What you've just said is simply wrong. When again was murder legal in the UK or US? I must've missed that period of time. People never had the "right" to murder someone. But they
did once have the right to smoke in their cars.
Cell phones while driving are only a problem if the person driving is a clueless idiot. The type of person who can't chew gum and walk at the same time. But of course, then there's the wild and crazy idea that people could just be responsible themselves and not answer their phones.
Besides, making talking on your cell phone while driving illegal is a pretty ineffective thing when you can't be pulled over by the police simply for talking on the phone. Same as you can't be pulled over simply for not wearing your seatbelt.
If you read the thread you'll see I discussed this already.
What, your argument that because people don't start campfires as often as they do smoke cigarettes that it should remain legal? You realize that campfires emit about 100 times as much carbon monoxide as a cigarette, right?

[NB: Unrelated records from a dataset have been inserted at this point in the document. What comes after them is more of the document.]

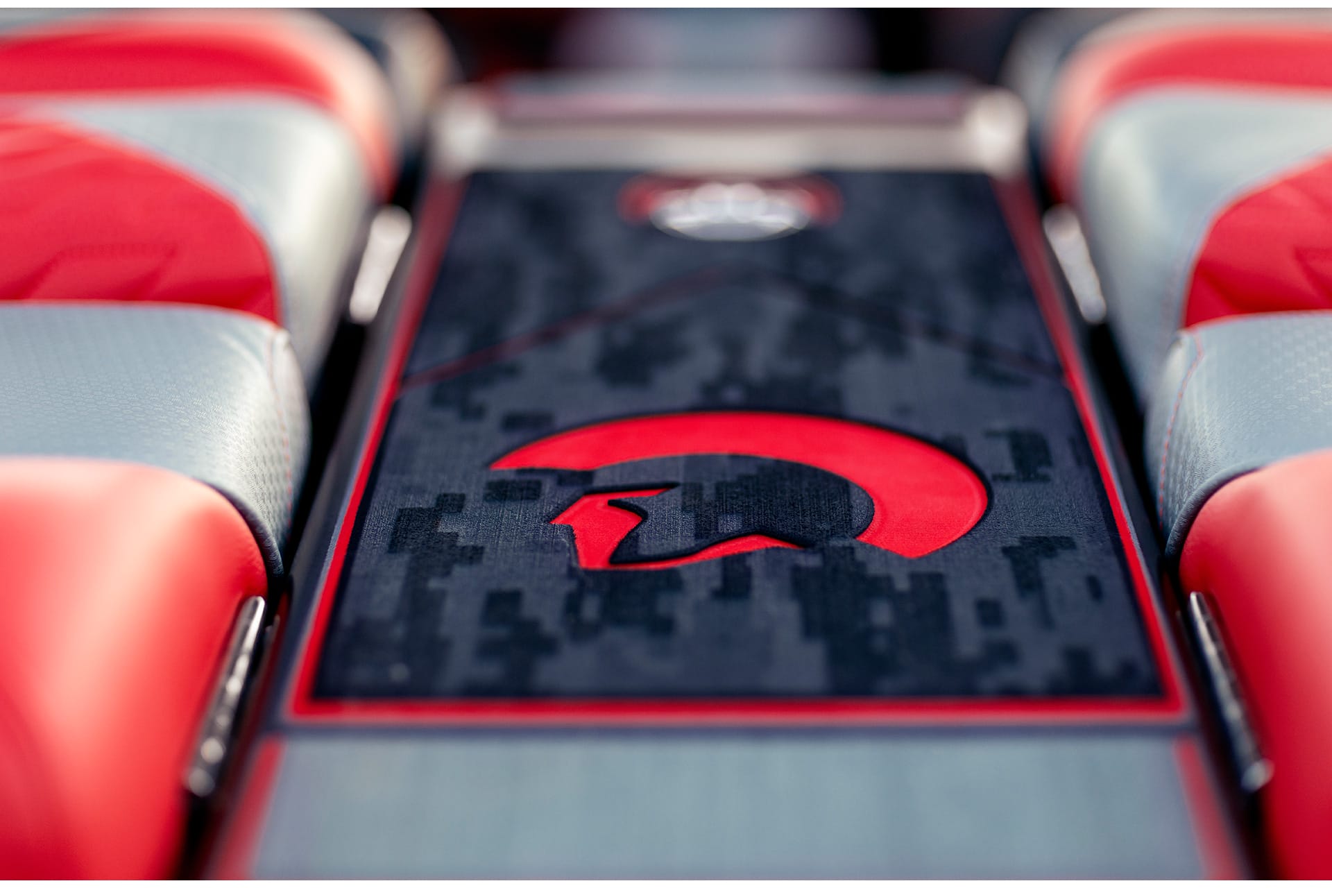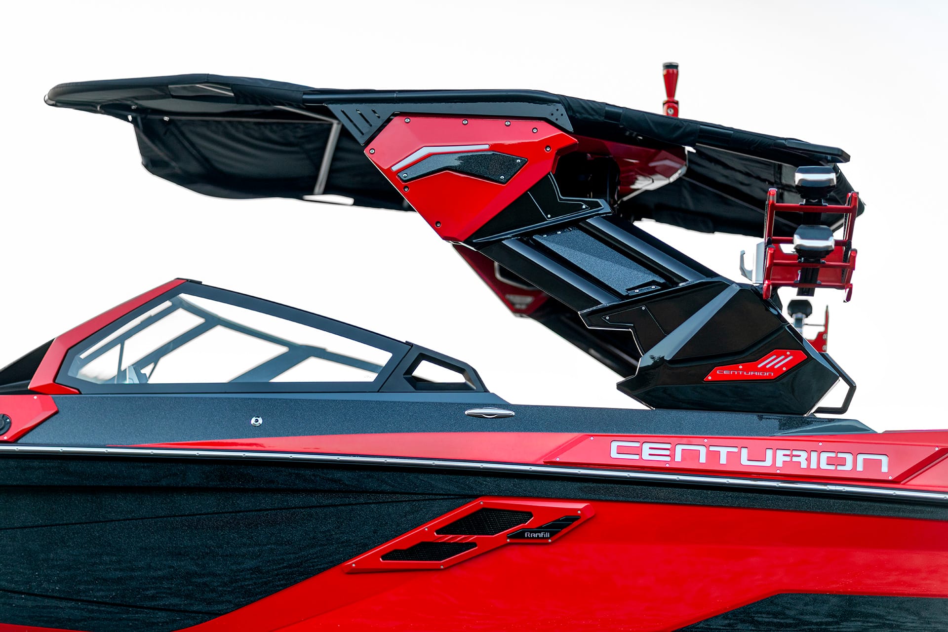 Gel Coat Scheme: Drive | Hull Main Front: Black Metal Flake | Hull Accent: Too Red | Hull Base: Charcoal | Swim Step: Too Red | Tower: Predator Power Tower | Tower Color: Black | PPT Top Color: Too Red | Tower Accent: Black Metal Flake | Colored Aluminum Accents: Too Red | Upholstery Scheme: Hex Accent with Cool Touch | Upholstery Main: Onyx Black | Upholstery Base: Too Red | Upholstery Accent: Onyx Black | Upholstery Accent 2: Charcoal | Upholstery Welt: Charcoal | Stitching Scheme: Ri Style Stitching | Stitching Accent: Red | Dash Accent: Onyx Black | Interior Side Panel: Black Metal Flake | Gator Step Flooring Scheme: 3-Color Warrior Cut w/ Laser | 1st Color Top: GS Black | 2nd Color Middle: GS Cardinal | 3rd Color Bottom: GS Shark Fin | Gator Step Laser Texture: Gator Step Laser Camo | Stereo: Centurion 12 Warriors Quad System by Wet Sounds | Speaker Color: Black
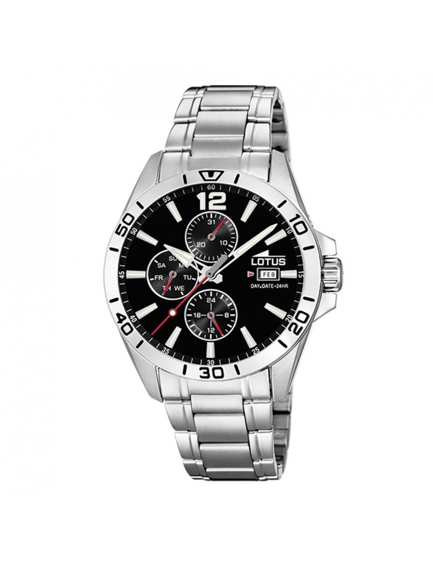 Reloj Lotus Hombre 18666/3, analógico con esfera de 42mm de diámetro, agujas e indicadores luminiscentes. Esfera con 3 mini esferas, indicando día del mes, de la semana y formato de 24 horas. Ventana de calendario. Pulsera de acero. Cristal mineral. Sumergible a 5ATM, por lo que es apto para ducha y baño sin inmersión.
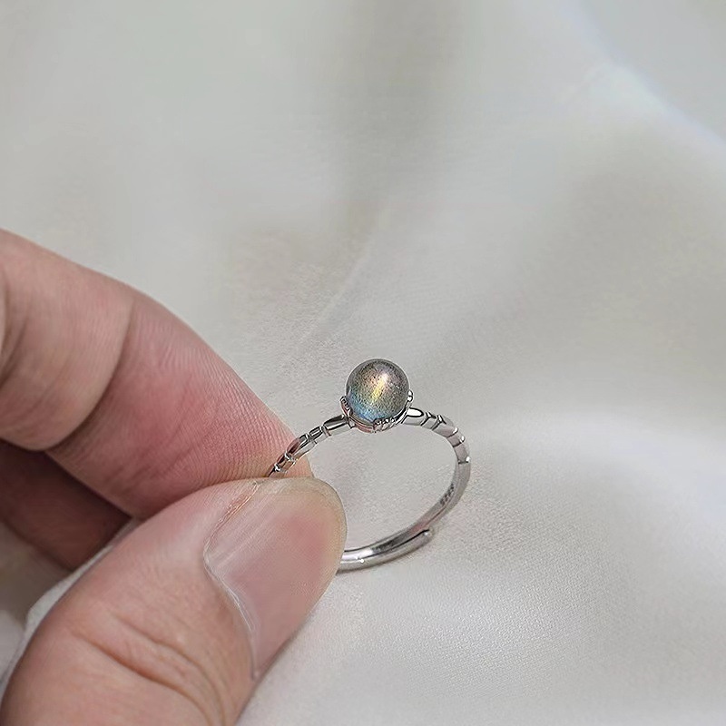 Giới thiệu Moonstone Ring Thiết kế đơn giản Nhẫn thời trang sang trọng Cá tính Nhẫn nữ Mở nhẫn Trang sức
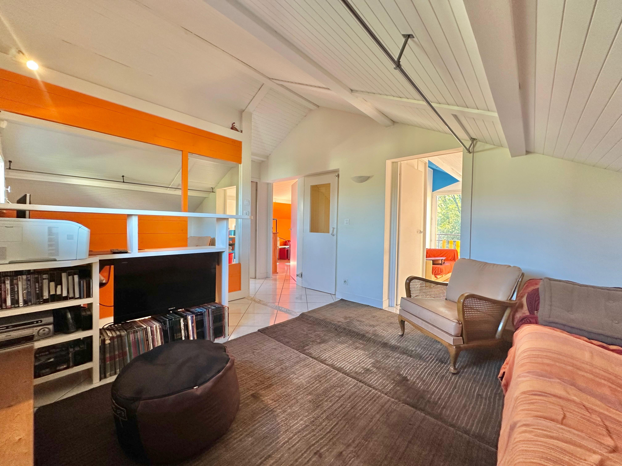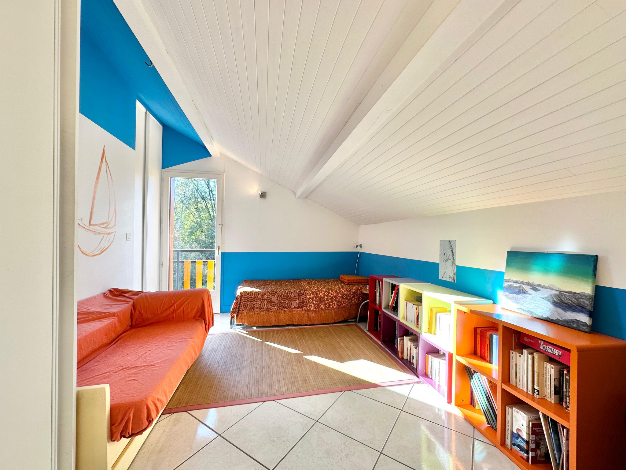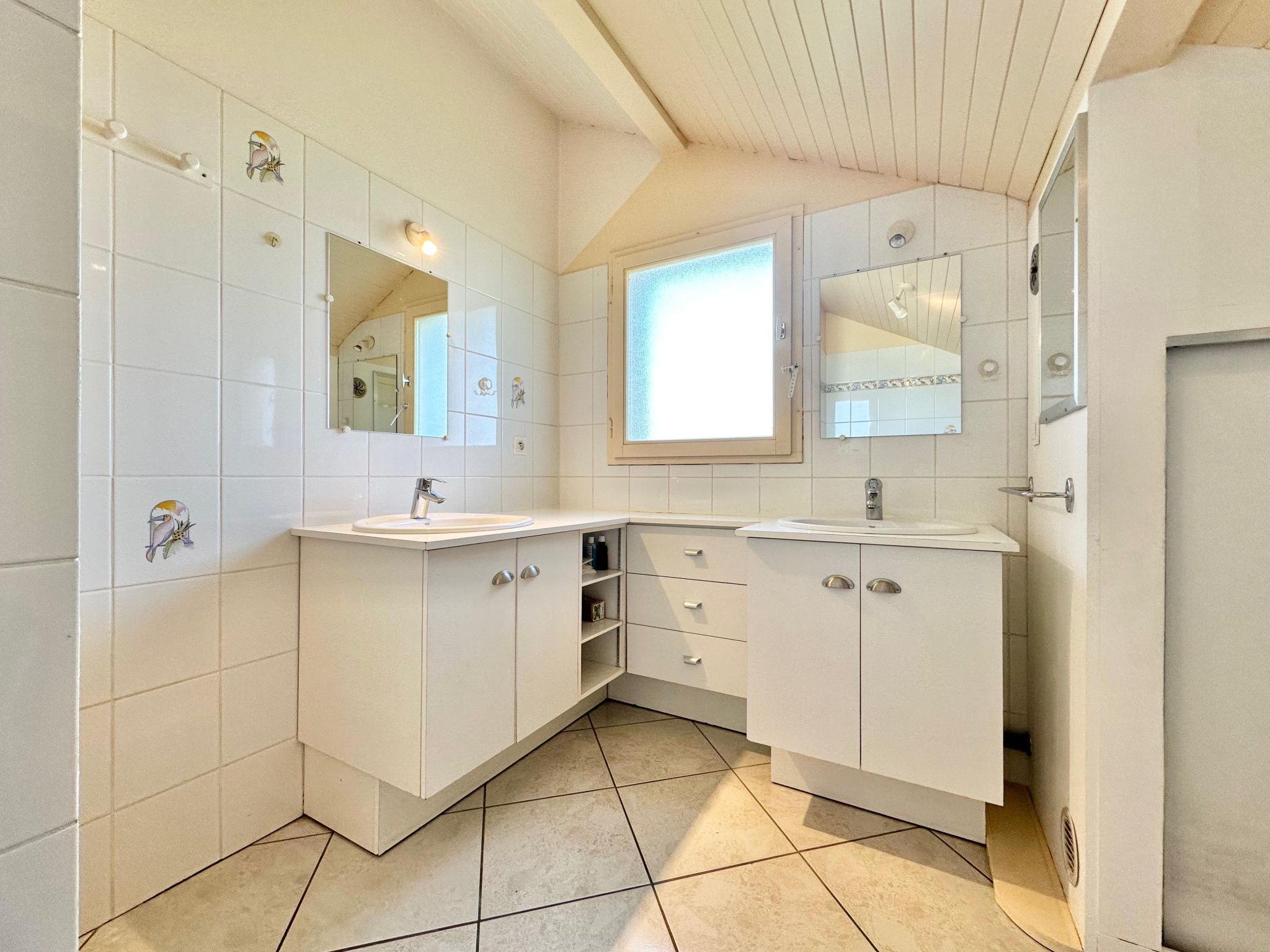 Au rez-de-chaussée, vous découvrirez une belle pièce de vie lumineuse comprenant une cuisine ouverte sur le salon et la salle à manger, offrant un espace convivial et chaleureux. Une grande bibliothèque avec mezzanine vient compléter cet étage ; elle peut aisément être transformée en bureau ou chambre supplémentaire, selon vos besoins. Ce niveau dispose également d’une salle de douche et d’un WC séparé.
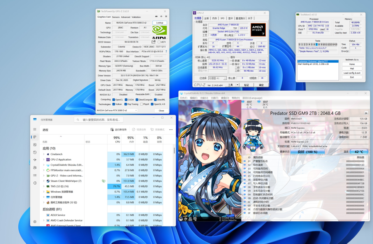 CPU是常客R7 9800X3D,这颗U的性能大家应该都知道了,就不废话了···
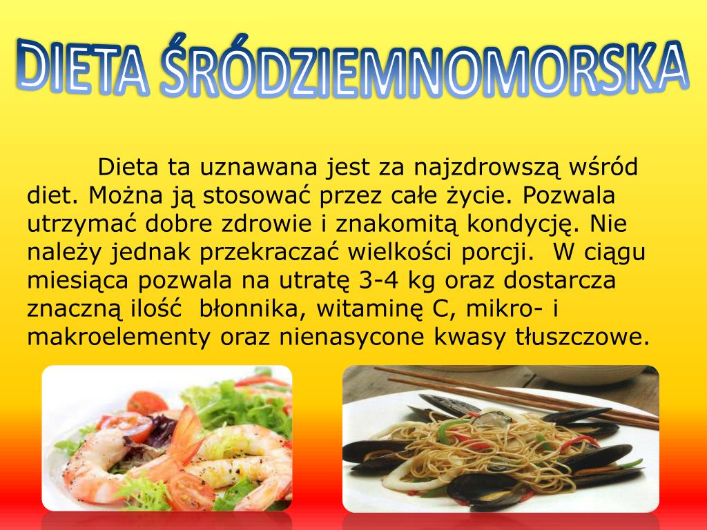 DIETA ŚRÓDZIEMNOMORSKA Dieta ta uznawana jest zanajzdrowszą wśród diet. Można ją stosować przez całe życie. Pozwala utrzymać dobre zdrowie i znakomitą kondycję. Nie należy jednak przekraczać wielkości porcji. W ciągu miesiąca pozwala na utratę 3-4 kg oraz dostarcza znaczną ilość błonnika, witaminę C, mikro- i makroelementy oraz nienasycone kwasy tłuszczowe.
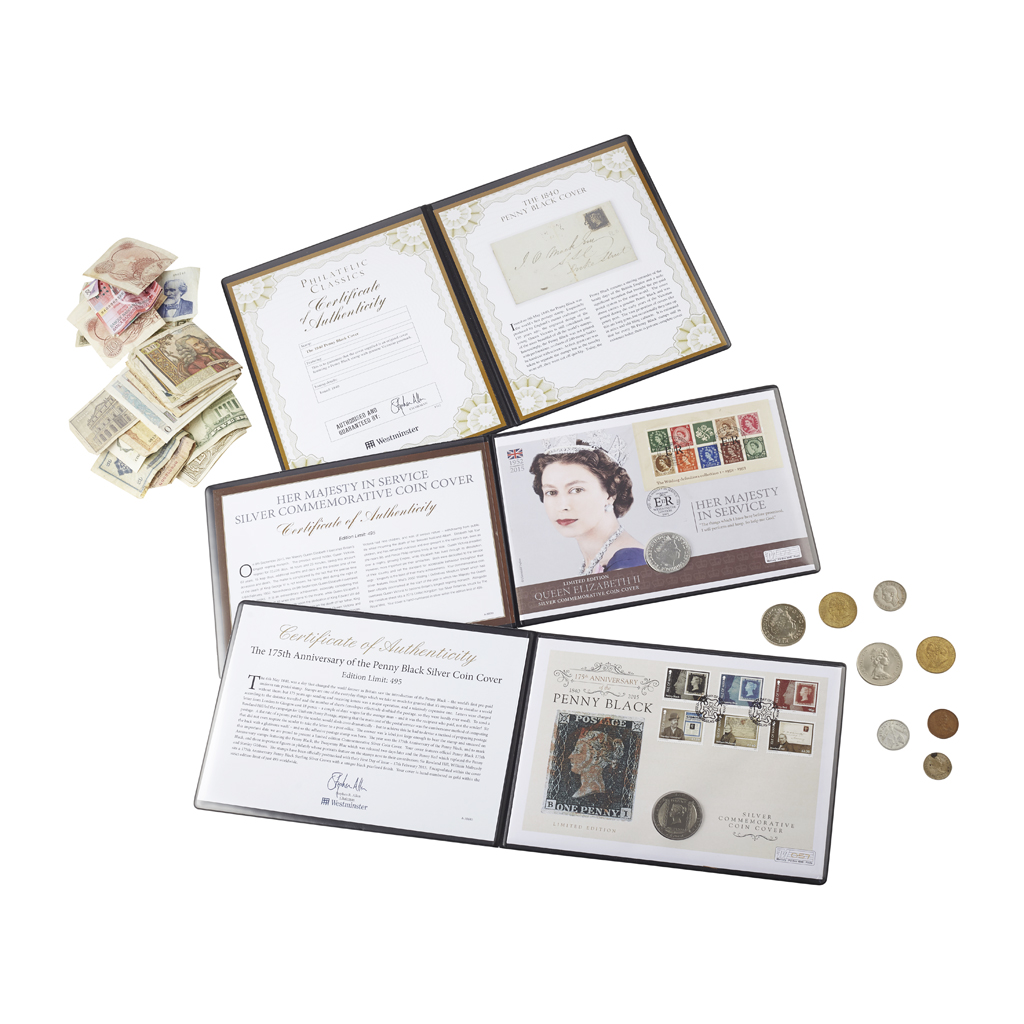 to include Sapphire Jubilee £10 coin, cased, silver, Battle of Britain four coin set 1915, Guernsey silver 5oz proof coin 2015 £10, Royal birth HRH George 2013 x 2, 2017 proof sovereign, cased with COA, Jersey 2015, £1 proof, 2014 birth coin proof, 2014 $20 silver proof coin, miscellaneous low denomination coins, banknotes etc. 2015, £5 silver proof coin in FDC and album, 2015, crown on FDC for penny Black and album, an 1840 1d penny black cover, in album (qty)
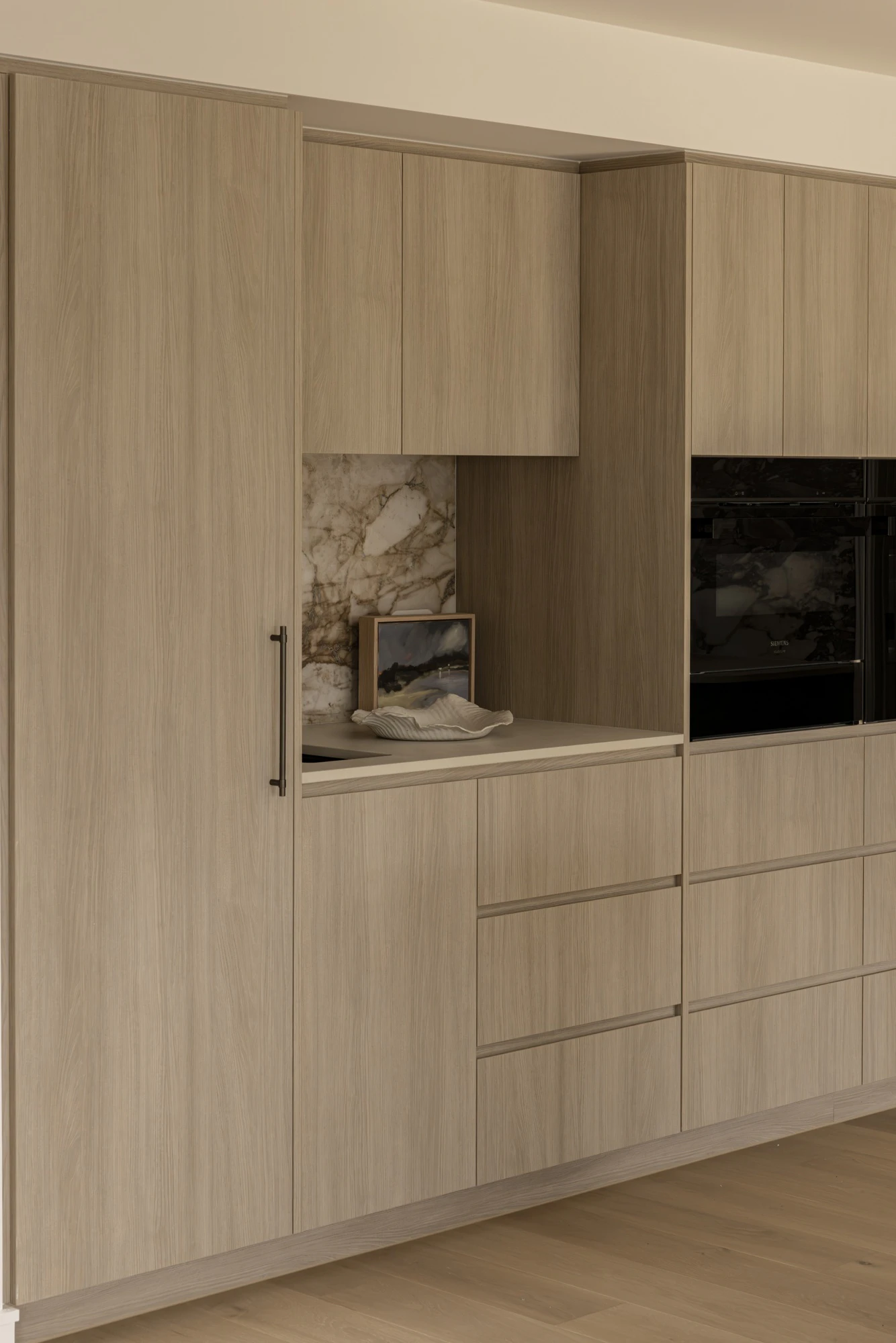 “Dekton Albarium was used in the kitchen, pantry and laundry room to ensure continuity and practicality in high-use areas. Its high resistance to stains, scratches and heat made it an ideal choice for these spaces, especially in a home where the kitchen serves as the central hub,” says Newr. “The material was also chosen for its ability to complement the richness of the Calacatta Viola marble fronts, allowing this natural stone surface to remain the focal point while reinforcing the coherence of the material palette,” they continue.
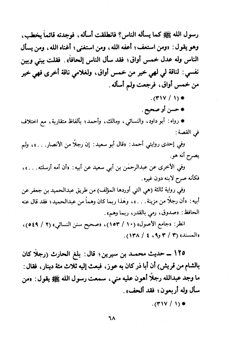 125 - حديث محمد بن سيرين؛ قال: بلغ الحارث (رجلاً كان بالشام من قريش) أن أبا ذر كان به عَوَزٌ، فبعث إليه ثلاث مئة دينار، فقال: ما وجد عبد الله رجلاً أهون عليه مني، سمعت رسول الله صلى الله عليه وسلم يقول: ((من سأل وله أربعون؛ فقد ألحف)) .
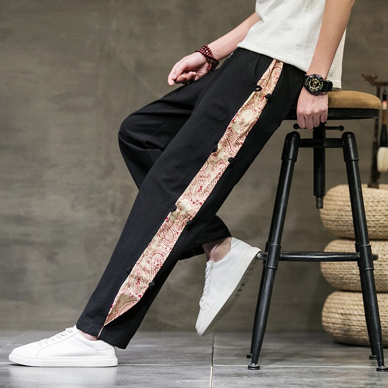 Этнические весенние штаны для отдыха, этнический стиль, из хлопка и льна, оверсайз, большой размер, свободный прямой крой
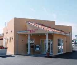 サンタカフェ・ベーカリーの薄い赤褐色の壁は、アメリカ南部にあるサンタフェの街並みをイメージしたもの。南国特有の明るい雰囲気と、独特の食文化を持つサンタフェを意識して作るパンは、バリエーション豊かで日差しのようにあたたかい、やさしさいっぱいの手作りパンです。
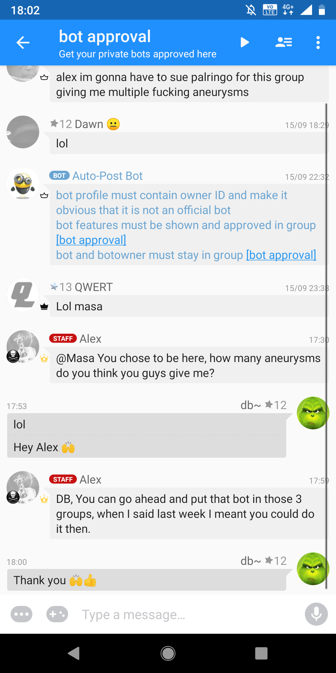 | Pal bot approval for 10 Palringo Groups. |

Please, evidence for this? Children who live with parents as smokers have higher levels on Carbon Monoxide in their body. That is PROVEN. Cigarette smoke has over 400 chemicals in it. How do you not expect that to harm a child?
Did I say that smoking does not emit carbon monoxide? No I did not. The amount of carbon monoxide that enters a person's lungs from second hand smoke is so incredibly miniscule, that it's just downright laughable to try and tell me that second hand smoke kills. Laughable.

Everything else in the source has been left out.